SWE.1 BPs: Software Requirements Analysis

SWE.1 has 8 Base Practices in v3.1. These must all be performed (rated L or F in aggregate) for PA 1.1 to be Fully achieved. Below is each BP with its official description, what it means in practice, the expected work product, and the most common failure mode seen in real assessments.

BP	Name	Practice Description	Expected Evidence	Common Failure
SWE.1.BP1	Specify software requirements	Define and document each software requirement. Each requirement must be uniquely identified, correct, verifiable, and traceable.	Software Requirements Specification (SRS) with numbered requirements and attributes (priority, type, source)	Requirements stated as design decisions ("the system shall use a 16-bit counter") rather than true requirements ("the system shall count events up to 65535")
SWE.1.BP2	Structure software requirements	Organize requirements with unique IDs and a logical structure (chapters, groups) that supports navigation, review, and change management.	SRS with hierarchical numbering, requirement IDs (e.g., SRS-FEAT-0042), and a consistent naming convention	Flat list of requirements with sequential numbers only, no grouping by function or feature area - makes impact analysis impractical
SWE.1.BP3	Analyze software requirements	Evaluate requirements for completeness, consistency, technical feasibility, and correctness. Document analysis results and resolve identified issues.	Requirements review record with analysis checklist results, or documented requirements review meeting minutes with issues list	Review is done mentally but not recorded; or only a "sign-off" page exists without any issue log showing what was actually analyzed
SWE.1.BP4	Analyze impact on operating environment	Identify and document how software requirements affect other system elements - hardware, other ECUs, vehicle networks, external systems.	Interface analysis section in SRS, or a separate Interface Control Document (ICD) showing affected interfaces	SRS treats the software in isolation with no analysis of how requirements drive hardware sizing, bus load, or interaction with adjacent ECUs
SWE.1.BP5	Develop verification criteria	For each requirement, identify how it will be verified: test, analysis, inspection, or demonstration. Define acceptance criteria specific enough to make the verification objective.	Verification method column in SRS, or a separate verification cross-reference matrix (VCRM). Acceptance criteria must be measurable, not just "the function works correctly."	Verification method defined generically ("test") without acceptance criteria; or no verification method defined at all for non-functional requirements like response time or memory usage
SWE.1.BP6	Ensure consistency and establish bidirectional traceability	Every SWE.1 requirement must trace upward to a SYS.2 system requirement that justifies its existence. Every SYS.2 system requirement must trace downward to at least one SWE.1 requirement that realizes it. Both directions must be documented.	Traceability matrix (spreadsheet, DOORS links, Polarion associations) showing SRS ID ↔ System Req ID mappings. Coverage report showing all SYS.2 requirements are covered.	SRS requirements have source annotations ("from STS §3.2.1") but no formal machine-readable trace link; assessor cannot verify coverage without manual inspection. Or: traceability exists but 15–20% of requirements are unmapped - rated P, not F.
SWE.1.BP7	Identify the content of the software product release notes	Specify which requirements will be covered in which software release. Provide input to release planning so that stakeholders know what will be delivered and when.	Release plan or sprint plan showing requirement allocation to releases; requirements marked with "target release" attribute	Release planning exists as a schedule but requirements are not explicitly tagged to releases; assessor cannot determine which requirements are in-scope for the current release being assessed
SWE.1.BP8	Ensure agreement and communicate requirements	Requirements must be formally agreed with all affected parties (OEM, system engineers, architects, test team) and distributed. "Communicated" means acknowledged receipt, not just emailed.	Review sign-off page signed by relevant stakeholders; distribution records; meeting minutes from requirements review with external parties attending	"We sent the SRS to the customer" without documented acknowledgment or formal approval. Internal distribution also missing - test engineers never formally received the SRS they are supposed to use.

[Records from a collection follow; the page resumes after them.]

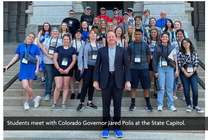
Students meet with Colorado Governor Jared Polis at the State Capitol.
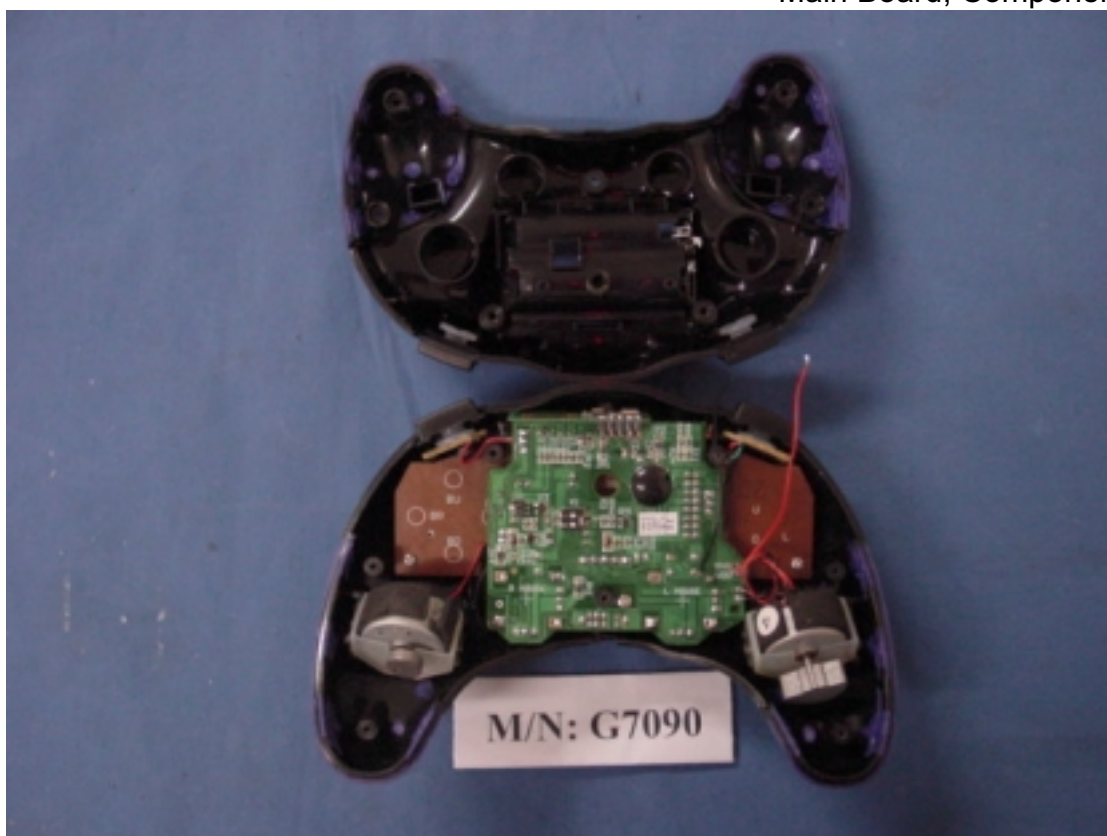
Figure 12 Main Board, Component Side
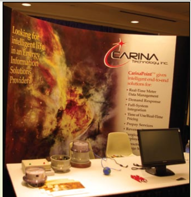
Carina's clever add-on gives electric meters an IQ high enough to monitor and suggest changes in household electricity use.
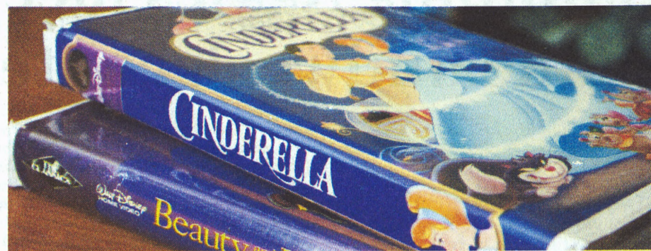
Kathryn Perez — THE BATTALION

"Beauty and the Beast," which was originally released in 1991, will follow in "Cinderella's" footsteps with a modern live-action reboot.

SWE.2 BPs: Software Architectural Design

SWE.2 has 7 Base Practices. The architecture is the central artifact that connects requirements to implementation and enables integration testing. Weak SWE.2 execution is one of the leading causes of costly integration failures in ECU development.

BP	Description	Key Evidence	Most Common Gap
SWE.2.BP1	Develop software architectural design. Decompose software into components with defined responsibilities, interfaces, and dependencies.	Software Architecture Description (SAD): component diagram, component responsibilities, static and dynamic views	Architecture exists as a mental model or informal diagram; nothing detailed enough to use as a basis for SWE.3 detailed design
SWE.2.BP2	Allocate software requirements to components. Every SWE.1 requirement is assigned to at least one architectural component responsible for its realization.	Requirements allocation matrix: SRS ID → Component ID. This is the downward link of SWE.1 traceability.	Architecture described but no formal allocation - "obviously the feature manager handles that" is not documented evidence
SWE.2.BP3	Define interfaces of software components. Specify the API or interaction protocol for each inter-component interface - data types, parameter lists, preconditions, error behavior.	Interface specification section in SAD, or a separate Interface Definition Document (IDD). For AUTOSAR: port interfaces in the system description.	Interfaces named but not specified - "ComponentA sends data to ComponentB" without defining what data, in what format, at what rate, and what happens on error
SWE.2.BP4	Describe dynamic behavior. Document how components interact at runtime: sequence diagrams, state machines, task scheduling, timing constraints.	Sequence diagrams for key use cases; state machine diagrams for state-dependent components; task timing analysis	Only static structure shown; no runtime behavior described - makes SWE.5 integration testing planning very difficult
SWE.2.BP5	Evaluate software architectural design. Review the architecture against requirements (completeness), technical constraints (feasibility), non-functional requirements (performance, memory, AUTOSAR compatibility).	Architecture review record: who attended, what was checked, what issues were found, disposition of each issue	Architecture presented to team but no formal review record; or review done by the architect alone with no independent verification
SWE.2.BP6	Ensure consistency and establish bidirectional traceability. Every SWE.2 component must trace to the SWE.1 requirement it realizes. Every SWE.1 requirement must trace to a component.	Updated traceability matrix extending SRS → Architecture. Coverage report confirming all requirements are allocated.	Same as SWE.1.BP6 - partial coverage, especially for non-functional requirements which often have no explicit architecture component assigned
SWE.2.BP7	Communicate the architectural design. The architecture must be formally reviewed and distributed to all parties who will use it: developers (SWE.3), testers (SWE.5), system engineers (SYS.4).	Distribution record; meeting minutes from architecture review showing developer attendance; architecture baseline under CM	Architecture shared informally via chat/email; no formal distribution list; no acknowledgment from receiving parties

SWE.3 BPs: Detailed Design & Unit Construction

SWE.3 is the bridge between architecture and code. Its BPs require both documentation of detailed design decisions AND the production of the actual source code. Both must exist - detailed design without code, or code without documented design, both fail SWE.3.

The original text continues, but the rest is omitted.